If the script is executed from within a Git repository accessible to Slurm
workers, automodel will use the repository source over the installation
inside the container image (it prepends `$CWD` to `PYTHONPATH` when it
detects an editable checkout).

```bash
git clone git@github.com:NVIDIA-NeMo/Automodel.git automodel_test_repo
cd automodel_test_repo/
sbatch slurm.sub
```

## Customize Configuration Settings

You can customize training by following the steps in this section.

1. **Override config values**: Edit the `CONFIG` variable and add CLI overrides
   in your torchrun command inside the sbatch script.
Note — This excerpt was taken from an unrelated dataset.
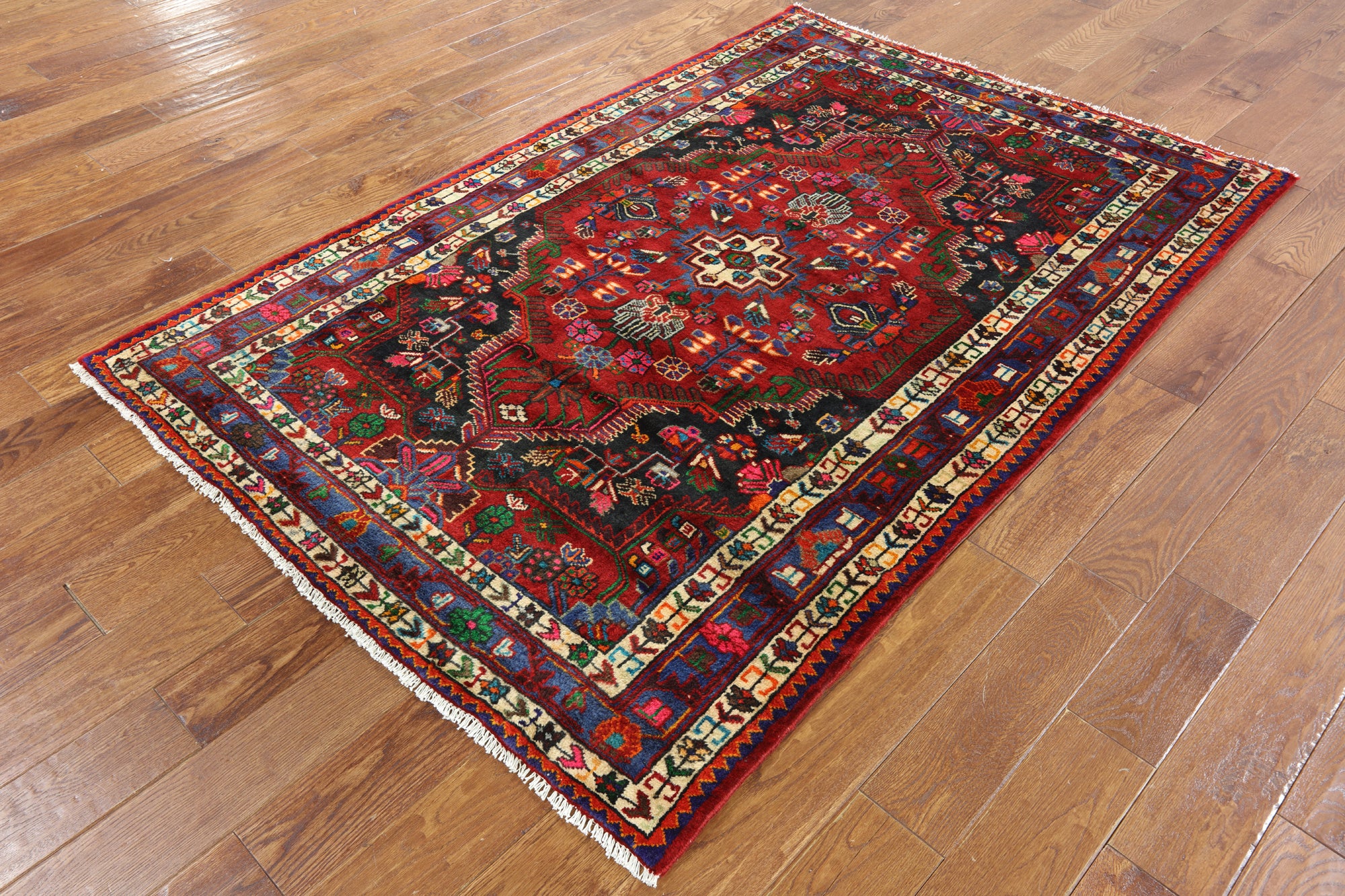 4' 7" X 6' 11" Authentic Persian Hamadan Full Pile Rug

For example, to change
   the model:
   ```bash
   -m nemo_automodel.cli.app ${CONFIG} --model.pretrained_model_name_or_path Qwen/Qwen3-0.6B
   ```

2. **Edit the config file**: Modify the YAML directly for persistent changes.

3. **Create custom configs**: Copy and modify existing configurations from the `examples/` directory.

For single-node workflows, see our [Run on Your Local Workstation](/job-launchers/local-workstation) guide.